Backward classes commission is toothless, says chairperson

May 29, 2013 10:24 am | Updated 10:24 am IST - BANGALORE:

Efforts by two successive heads of the Karnataka State Backward Classes Commission to ensure that judicial powers of the commission are restored have gone in vain, and the post of chairperson has remained downgraded for two years. Earlier, the commission had civil court status and the chairperson the status of a High Court judge, with Cabinet rank. Now the chairperson’s status is that of a Minister of State.

The government’s failure to restore judicial status to the chairperson has affected the functioning of the commission, says chairperson N. Shankarappa. “In a way, the commission has now become toothless.”

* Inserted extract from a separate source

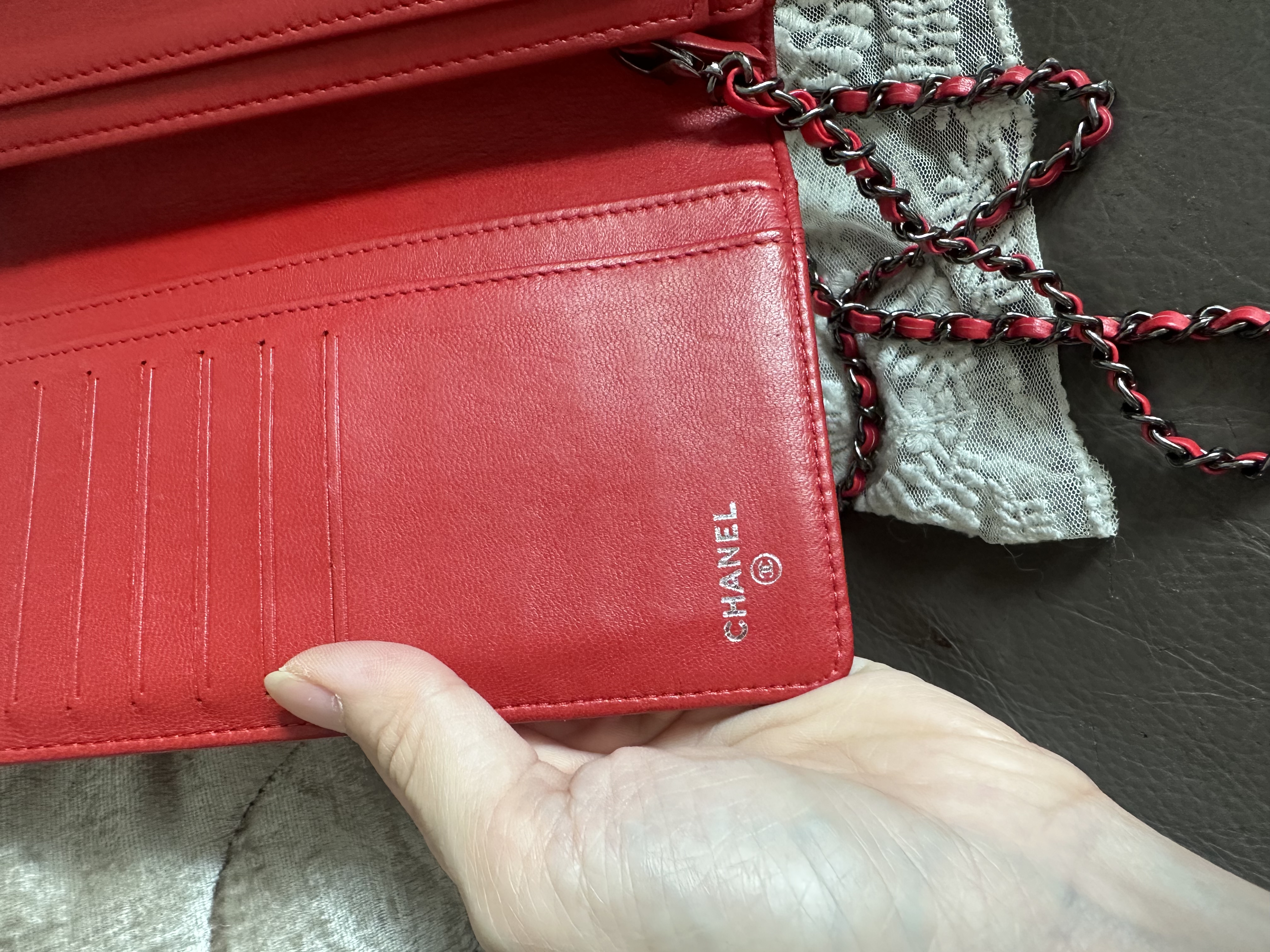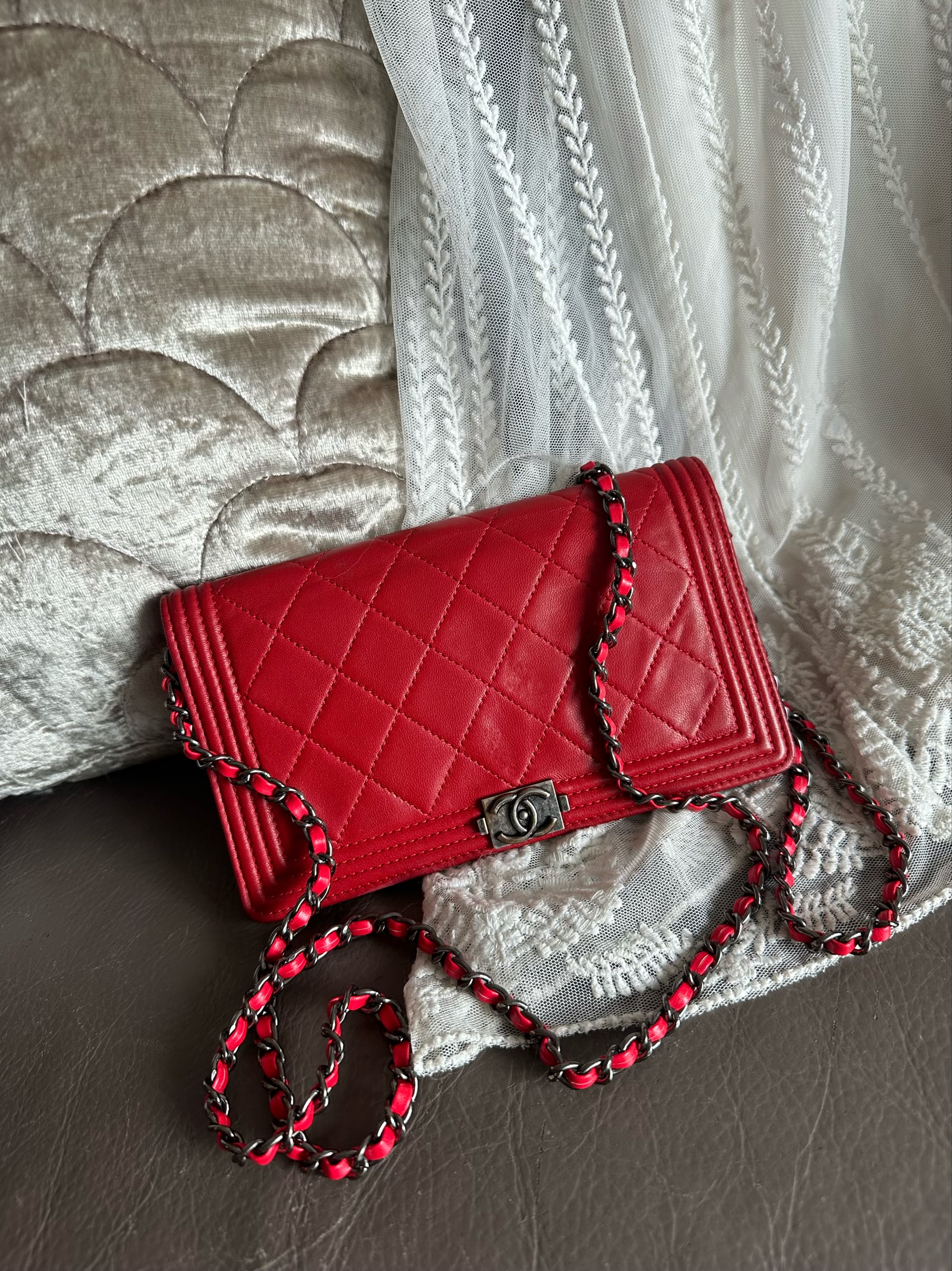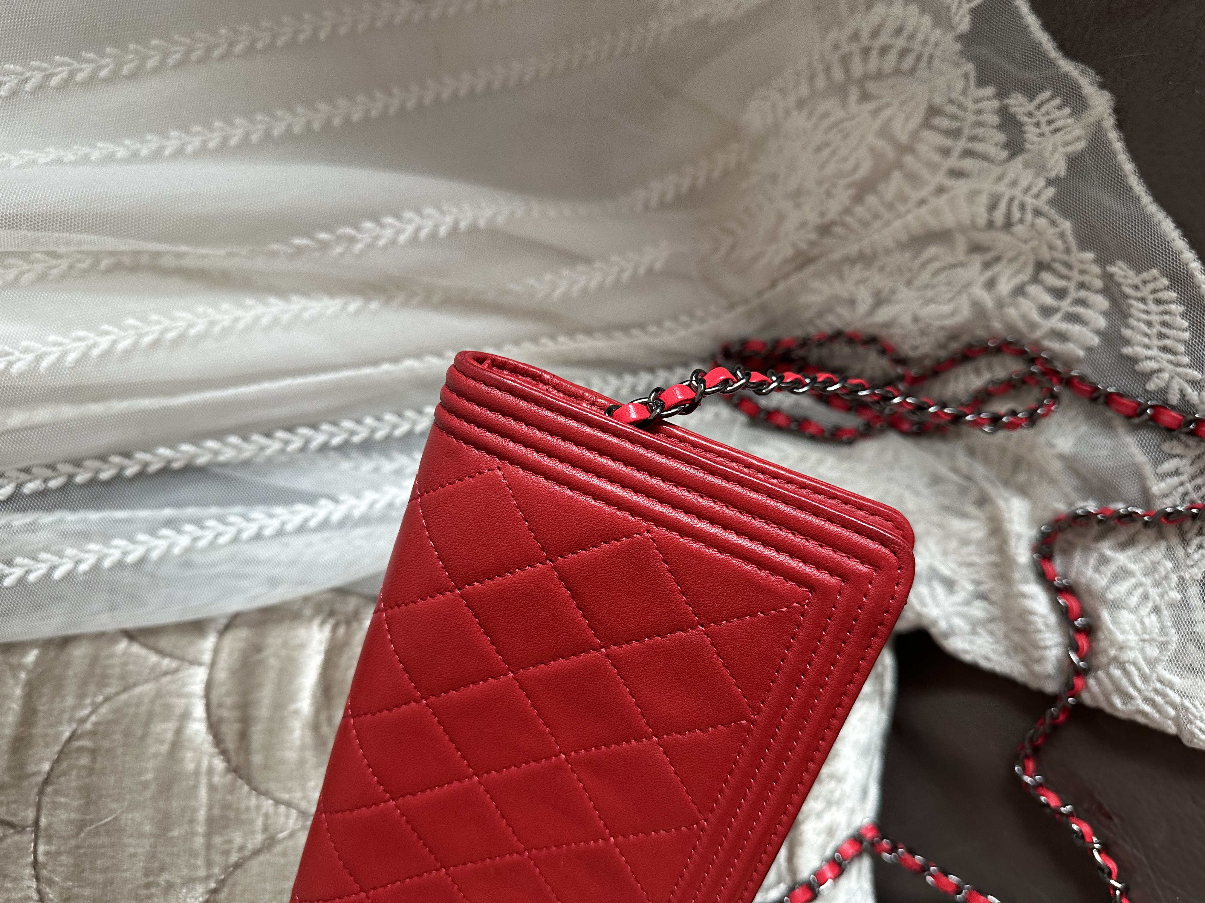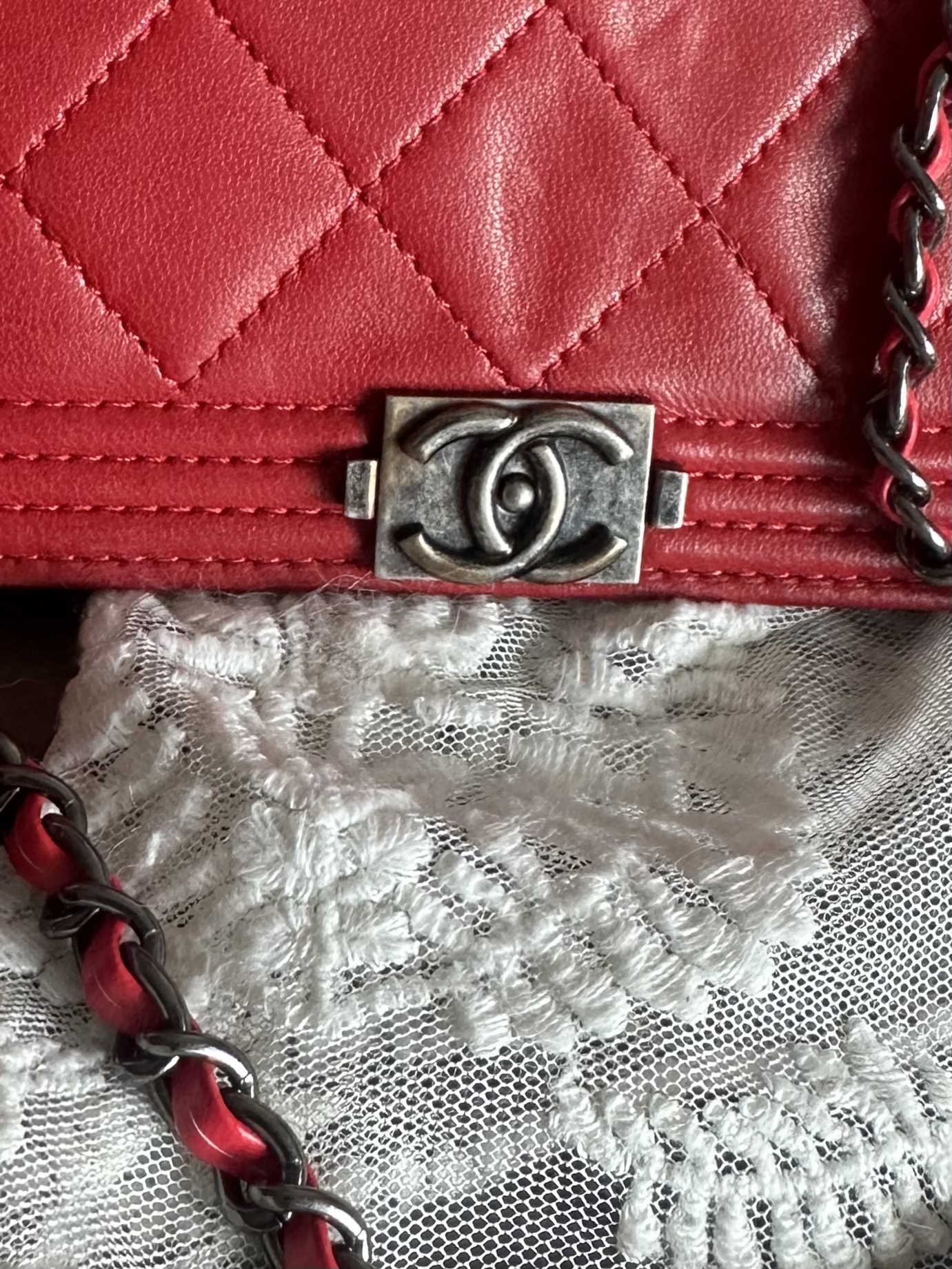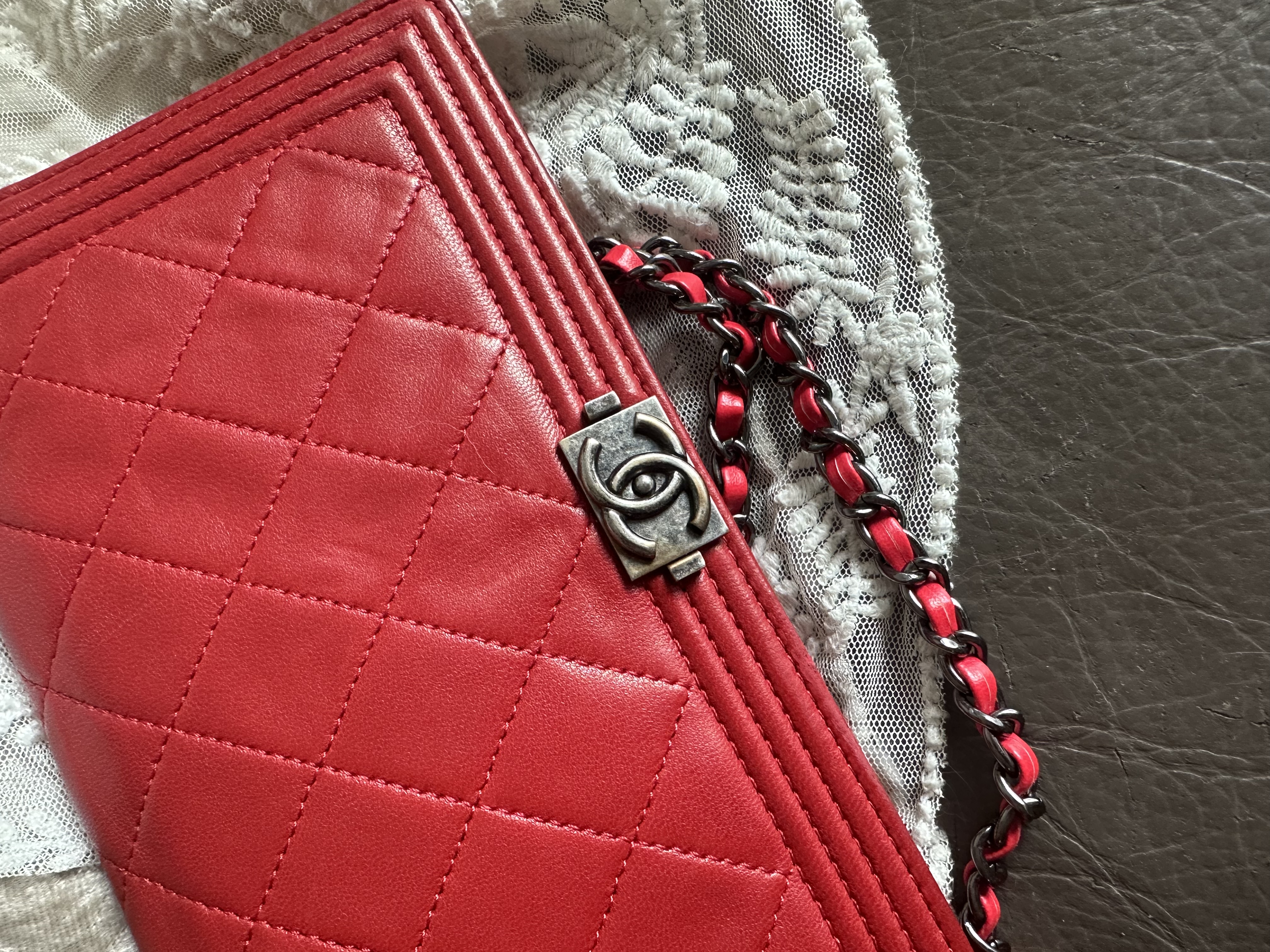 改裝款 cc紅色boy長銀包❤️😆😆發財紅正啊吸財🔥 勁新淨19字頭有貼貼數字清晰可見♥️ 改裝的 🌸原裝冇鏈❤️ 免費安裝埋可變Woc扣同沒品牌長鏈俾你加上去當woc用 (安裝不傷皮革可隨意拆除) 極級平2999帶走🔥 美品chanel red boy long wallet 配件:貼 免費改裝成袋用扣/沒品牌長鏈一條(見尾圖) Item has been modified, free non branded chain/non brand hook (see photo ) (以上是免費贈送原裝並沒有全部可隨意拆除不傷皮革) 尺寸:19x10x2cm 年份:2014 狀態:外觀95新/内95新 chanel red boy long wallet Accessories :authenticity sticker Item has been modified, free non branded chain/non brand hook (see photo ) Dimensions :19x10x2cm Year:2014 Condition :excellent

The Bharatiya Janata Party government withdrew the judicial status accorded to the chairperson in March 2011 when C.S. Dwarakanath was heading the body. Mr. Dwarakanath challenged the move in the Karnataka High Court, which stayed the government order. However, the judicial powers extended to commission were withdrawn when Mr. Dwarakanath demitted office. According to Mr. Dwarakanath, the powers of the chairperson were transferred to the member-secretary.

Altering the position to that of a Minister, many facilities were taken back; his crime was the alleged verbal attack on the Sangh Parivar.

Mr. Shankarappa, who resigned from the Legislative Council to make way for the former Chief Minister D.V. Sadananda Gowda to enter the Upper House, occupied the post vacated by Mr. Dwarakanath in October 2011. But things did not change even after he took over. “My pleas to Mr. Sadananda Gowda and Jagadish Shettar to restore judicial status failed to yield any result,” Mr. Shankarappa told The Hindu .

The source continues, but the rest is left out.